Democratic participation. Citizens who can't read can't fully engage with written information — laws, contracts, ballots, news. They're more vulnerable to manipulation, less able to hold leaders accountable.

Cultural continuity. When education happens only in colonial languages, indigenous languages weaken. Knowledge embedded in those languages — about plants, animals, social relations, spiritual practices — disappears. The loss is irreversible.

The Question

Africa is the world's youngest continent. Ten to twelve million young people enter the labor force every year. Yet the continent creates only about three million jobs annually.

If those young people are educated — truly educated, not just processed through failing schools — they represent an extraordinary resource. They could build, create, innovate, transform.

If they're not educated, if they emerge from schools unable to read their own names, they represent something else: frustration, wasted potential, instability.

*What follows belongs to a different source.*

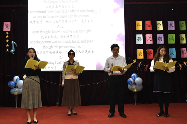 为营造浓厚的英语学习氛围,提高大学生英语应用能力,丰富校园文化,近日,由校团委主办,外国语学院分团委承办的“第十六届大学生科技学术节”之英文朗诵与演讲大赛总决赛于11栋教学楼106顺利举行。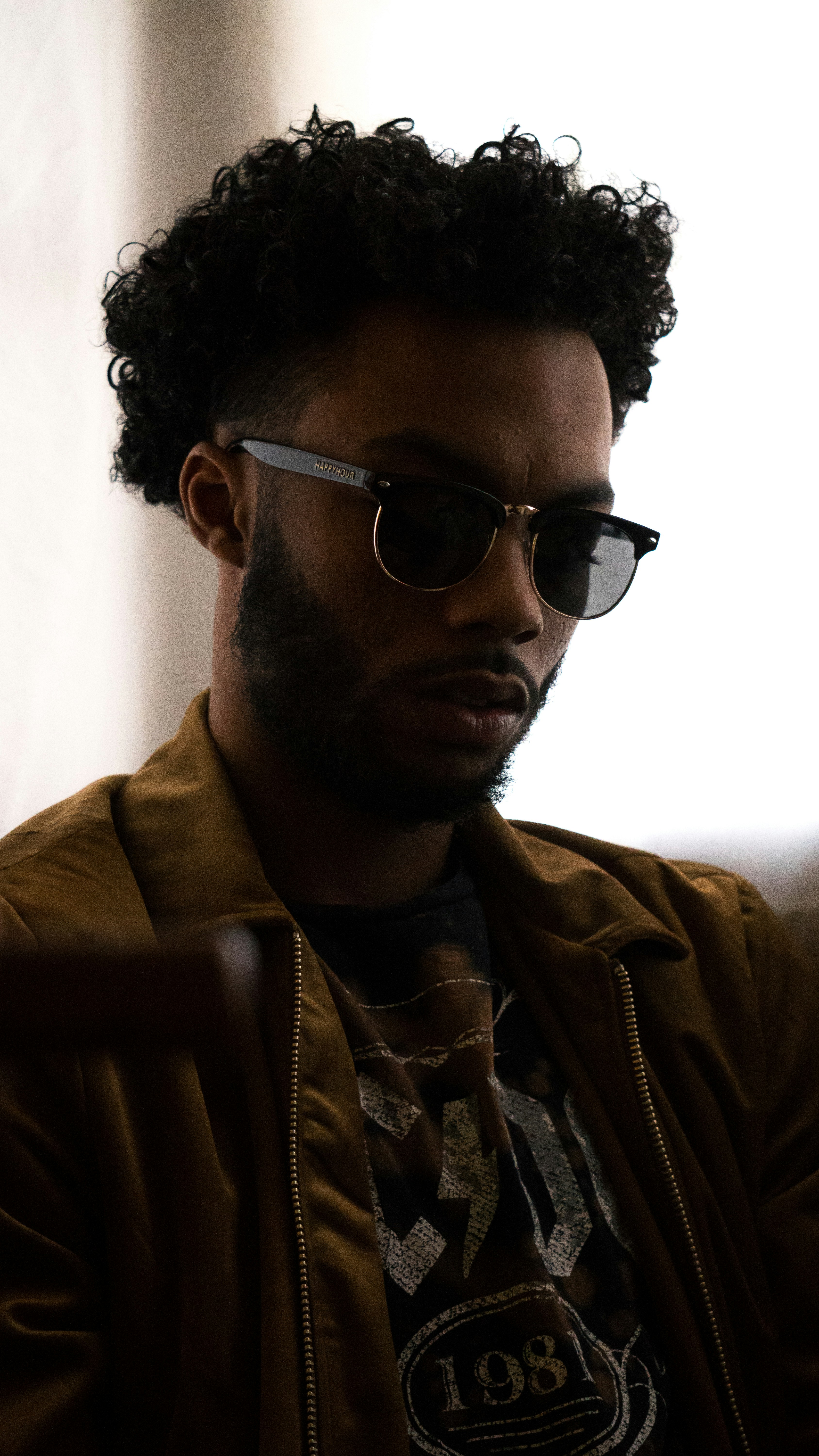 Man With Clubmaster Sunglasses Wearing Brown Jacket Photo Free

The colonial education system was designed to produce subjects, not citizens. It was designed to make Africans legible to European administrators, not to develop African capabilities. It was designed to extract — talent, loyalty, culture — not to nurture.

Sixty-plus years after independence, that system largely remains.

Changing it requires more than new textbooks or teacher training. It requires a fundamental reimagining: What should African children learn? What languages should they learn it in? What knowledge matters? What kind of adults is education trying to produce?

These are not technical questions. They are political questions. And until Africans have the power to answer them on their own terms, the miseducation will continue.